§ Exercise requirements:
In the entries below, find the line with "コメント:今日は北風が強くシ" and the line with "Ventoso Red Leather"; give again those lines and every line between them, exactly.
___ Entries supplied ___
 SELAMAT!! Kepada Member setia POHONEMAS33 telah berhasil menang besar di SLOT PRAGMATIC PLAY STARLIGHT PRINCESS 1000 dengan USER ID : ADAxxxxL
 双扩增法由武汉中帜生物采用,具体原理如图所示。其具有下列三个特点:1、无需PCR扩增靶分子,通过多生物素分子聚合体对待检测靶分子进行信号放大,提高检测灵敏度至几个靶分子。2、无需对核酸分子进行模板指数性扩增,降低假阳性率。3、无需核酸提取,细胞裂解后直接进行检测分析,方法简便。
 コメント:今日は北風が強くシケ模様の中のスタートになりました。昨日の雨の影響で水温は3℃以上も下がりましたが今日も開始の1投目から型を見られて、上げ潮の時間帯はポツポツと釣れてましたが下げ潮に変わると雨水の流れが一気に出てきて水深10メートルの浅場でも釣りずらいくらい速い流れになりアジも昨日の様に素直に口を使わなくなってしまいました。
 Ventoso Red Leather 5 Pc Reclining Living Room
___
___ Entries supplied ___
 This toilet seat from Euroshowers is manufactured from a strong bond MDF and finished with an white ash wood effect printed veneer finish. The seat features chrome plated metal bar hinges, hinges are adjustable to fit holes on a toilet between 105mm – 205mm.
___
___ Entries supplied ___
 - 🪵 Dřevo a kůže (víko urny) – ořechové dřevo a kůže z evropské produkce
___
§ Solution to this task:
 コメント:今日は北風が強くシケ模様の中のスタートになりました。昨日の雨の影響で水温は3℃以上も下がりましたが今日も開始の1投目から型を見られて、上げ潮の時間帯はポツポツと釣れてましたが下げ潮に変わると雨水の流れが一気に出てきて水深10メートルの浅場でも釣りずらいくらい速い流れになりアジも昨日の様に素直に口を使わなくなってしまいました。
 Ventoso Red Leather 5 Pc Reclining Living Room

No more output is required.